When the kids came along, a bunch of moms in the neighborhood organized rotating
playgroups. Like a phoenix rising from the ashes of the pyre of the out of work actress, I
would be the Martha Stewart of Westwood….only requiring a little more sleep and not so good at
crafts.
The praise. The sighs. The eyes looking heavenward with rapture at the taste of my food was the only
“applause” I was getting at the time. I’d found a way to make a fat free
cheesecake by straining yogurt for days on end. I bound my graham cracker crust with agave and egg
whites, and voila! My friend Stephanie, who was constantly battling her weight at the time,
wept when she took the first bite. It was The Emperor and The Nightingale all over again.
But then my children started to have ‘free will’. Developmentally
appropriate. Soul killing for me.
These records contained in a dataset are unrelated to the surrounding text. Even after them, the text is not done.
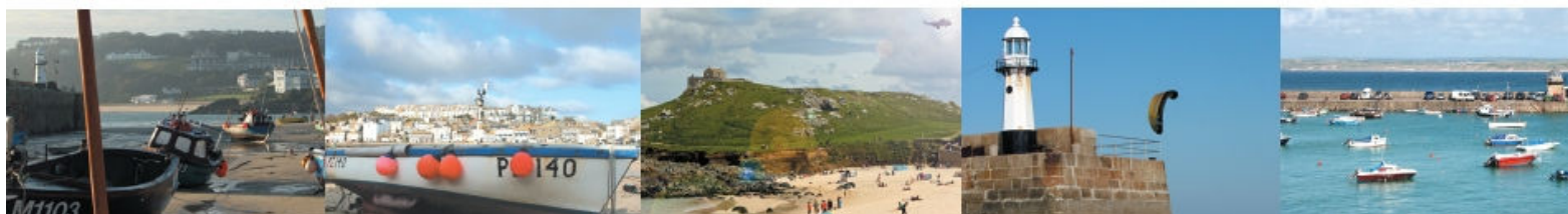
3 Chy an Chy apartments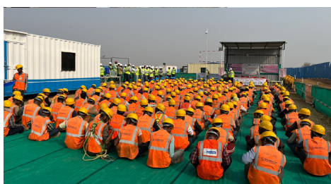
WORKERS MOTIVATIONAL PROGRAM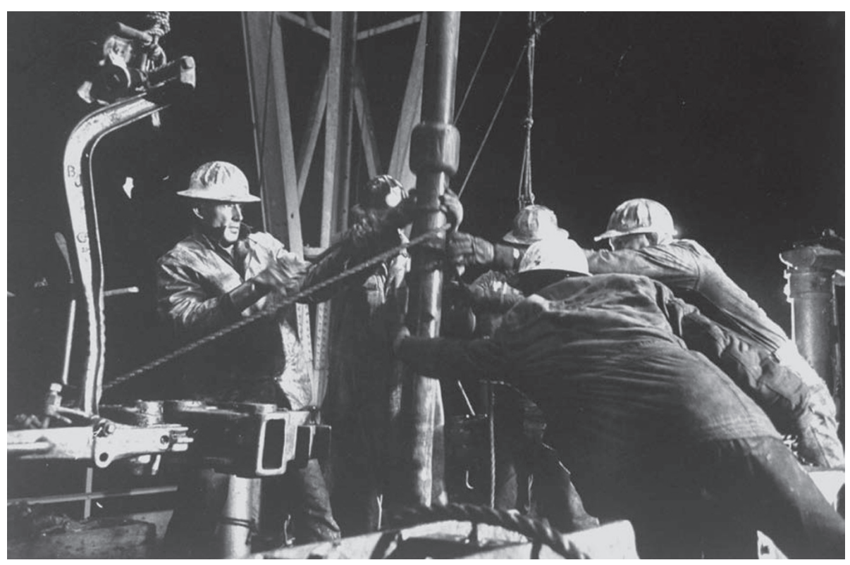
This 1961 effort to drill right through Earth's crust didn't succeed. Half a century on, geologists are ready to try again.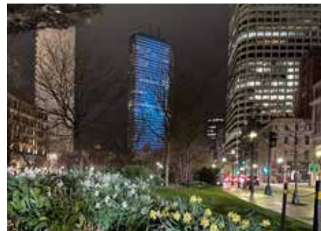
1 Financial Center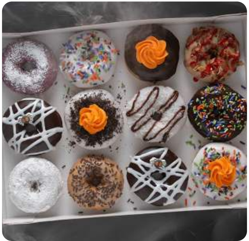
The Spooky Box, available for a limited time.

Duck Donuts specializes in warm, delicious and made-to-order donuts. Customers can create their own donut combination by choosing from a variety of coatings, toppings and drizzles, including traditional favorites such as chocolate icing with sprinkles and more adventurous creations such as maple icing with bacon. The family-friendly stores offer a viewing area where children and adults alike can watch their donuts being made. Duck Donuts also sells coffee, espresso beverages, donut breakfast sandwiches, donut ice cream sandwiches, milkshakes and offers online ordering. To learn more about local promotions or locate the nearest Duck Donuts, visit duckdonuts.com/locations/ .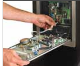
easy access for repair and maintenance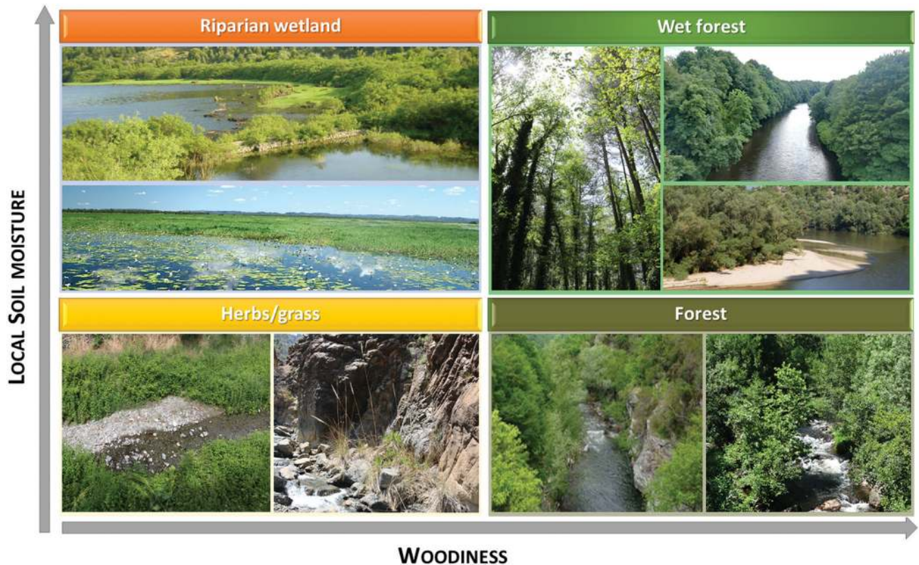
Figure 2. Diagram showing the four main riparian vegetation types structured along two main factors: cover of wood and local soil moisture.

and, second, to synthesize the knowledge on these ES from the literature. On the basis of the structured approach, we introduce a guided framework for use in riparian vegetation management. We also seek to identify key knowledge gaps and conclude the article by evaluating the opportunities an ES approach offers to riparian vegetation management and restoration.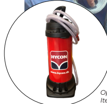
Optional Dust suppression kit Item no. 3030051

Contact us for more information: hycon@hycon.dk / +45 96 47 52 00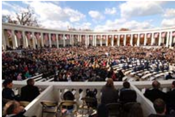
Veterans Day ceremony at Arlington National Cemetery

Of the 24.3 million veterans alive at the start of 2006, nearly three-quarters served during a war or an official period of conflict. About a quarter of the nation's population, approximately 63 million people, are potentially eligible for VA benefits and services because they are veterans, family members or survivors of veterans. VA's fiscal year 2005 spending was $71.2 billion, including $31.5 billion for health care, $37.1 billion for benefits, and $148 million for the national cemetery system.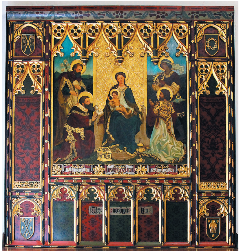
The Comper reredos, West Retford, after restoration

The reredos comprises panelled boards with the principal scene - the Adoration of the Magi - set centrally with four canopies, trefoiled and ogee-headed, above, and pierced quatrefoils set within the spandrels. Below the main scene are five openwork, trefoiled blind arches within which coloured, painted decoration and text have been placed. To the right and left of the main scene are two large canopied panels, gilded, with red, green, and black painted detail within. In each of the four corners of the reredos are further gilded, trefoiled canopies, within which are contained the painted and gilded symbols of the Passion. In the main scene, the background to the Blessed Virgin Mary comprises richly gilded cyma reversa decoration within which are contained fleur-de-lis. The whole is framed with barbers' pole decoration. The stencilled frieze at the top is an apparent later addition, probably when the reredos was moved to Retford; this is evident as the frieze has been cut in places to fit and was clearly from some earlier use.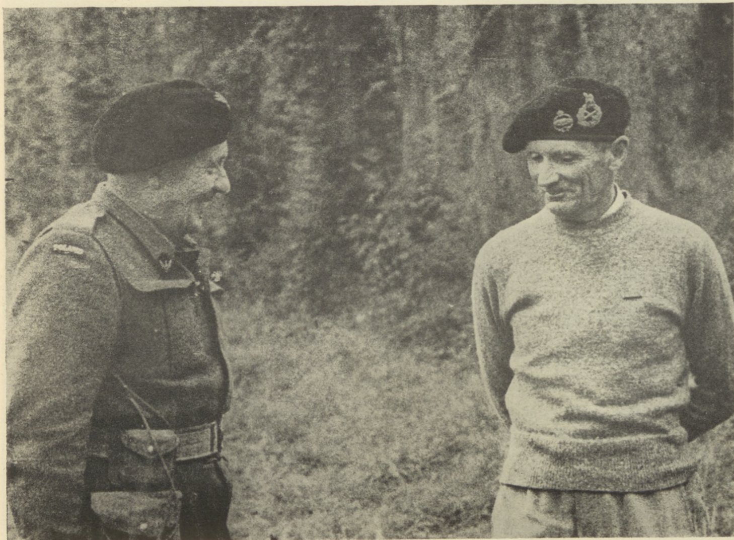
General Montgomery and Polish Commander General Maczek exchange impressions in Normandy, France.

S OLDIERS of the Polish Army based in the British Isles have been formed into an armored division that now fights with the Canadians, British and Americans for the "rocket-coast" of Normandy, the cities of Rouen and Le Havre, and has materially aided in the encirclement of Paris.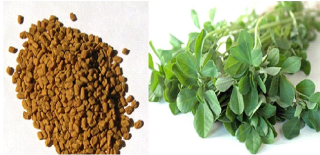
Fig 1.11 Fenugreek Seeds or Methi Seeds

in fish curries, where the whole seeds are gently filed at the start of cooking; they are also ground and added to curry powders; The green leaves are used in Indian cooking and, when spiced, the bitter taste is quite piquant and acceptable. The plant is easy to grow.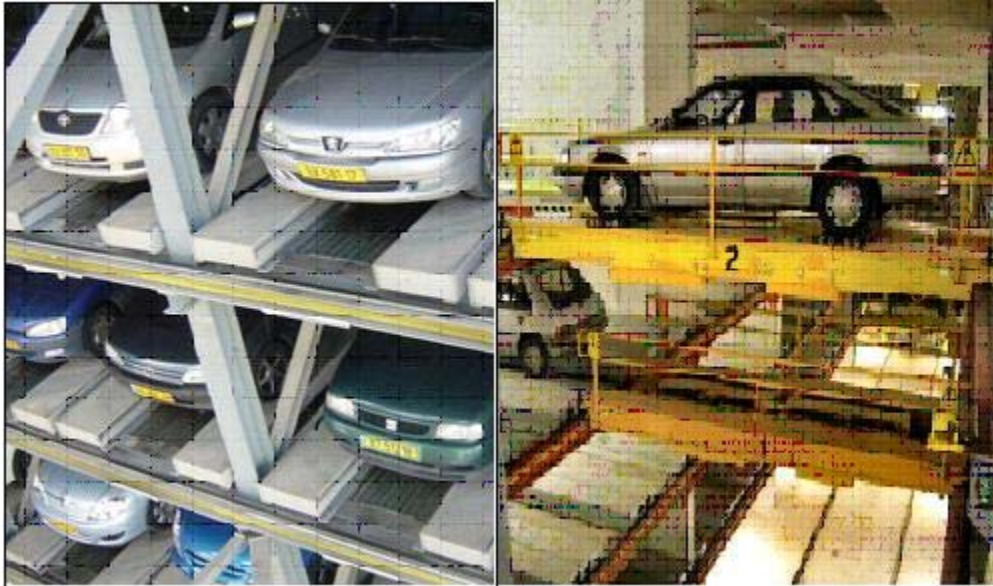
Figure 8: Automated parking facility, Hoboken, NJ

Automated parking facility in Hoboken uses robotic technology facility which accommodates more cars in less space thereby economizing on space for parking.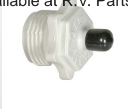
R.V. Blow Out Plug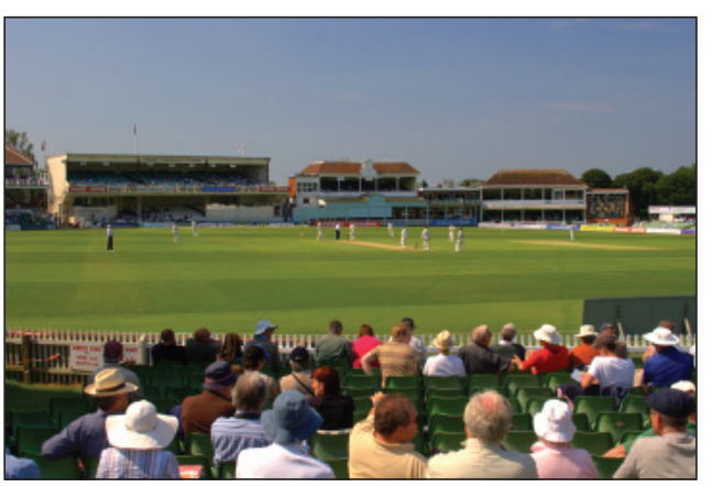
St Lawrence Cricket Ground.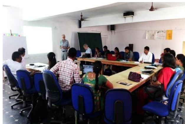
EDUKANS program at Campus Challenge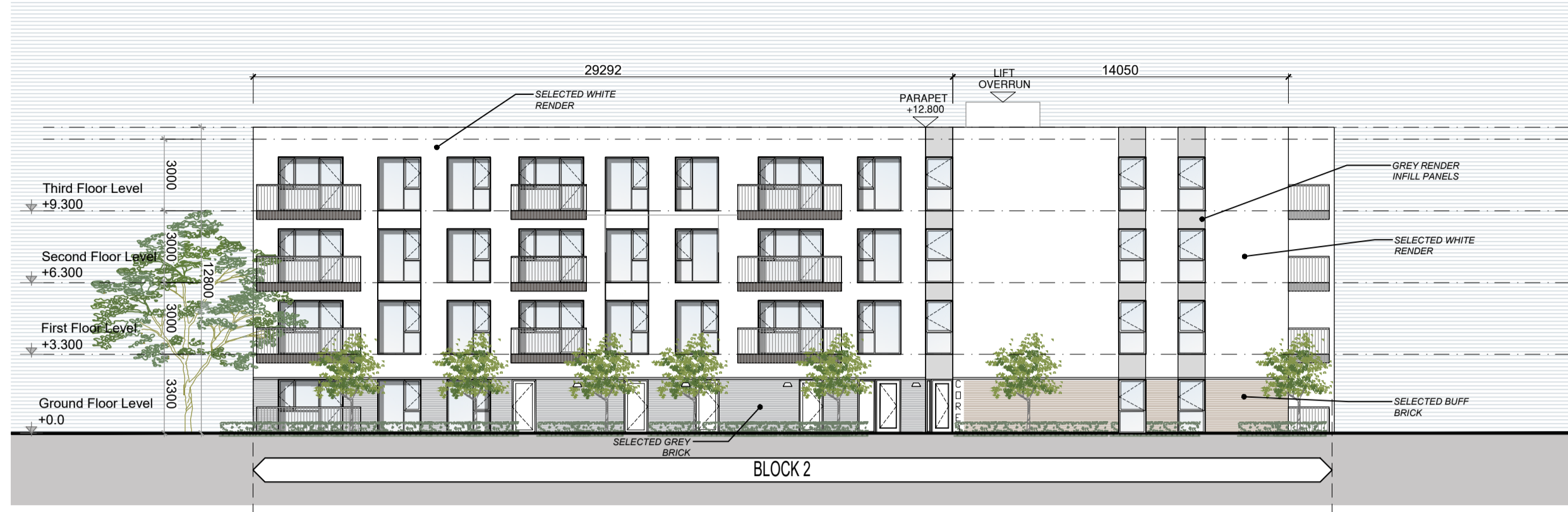
BLOCK 2 - WEST ELEVATION Scale 1:200@A1

The first time my young child snubbed the dish I lovingly
prepared for her and crinkled up her nose, I wanted to grab her by the ankles and slam her against the
wall. “You know the ‘try it once’ rule honey, just taste it” Whereupon
Lena’s pink tongue extruded out of her mouth in a posture of revulsion (and yes, it’s
possible for a tongue to assume a posture) the tip of it barely grazing the chicken tender I’d
cooked to perfection, finally cracking the code of crispy on the outside, moist on the inside. Her
tongue whipped back like a tape measure as she shook her head vehemently from side to side.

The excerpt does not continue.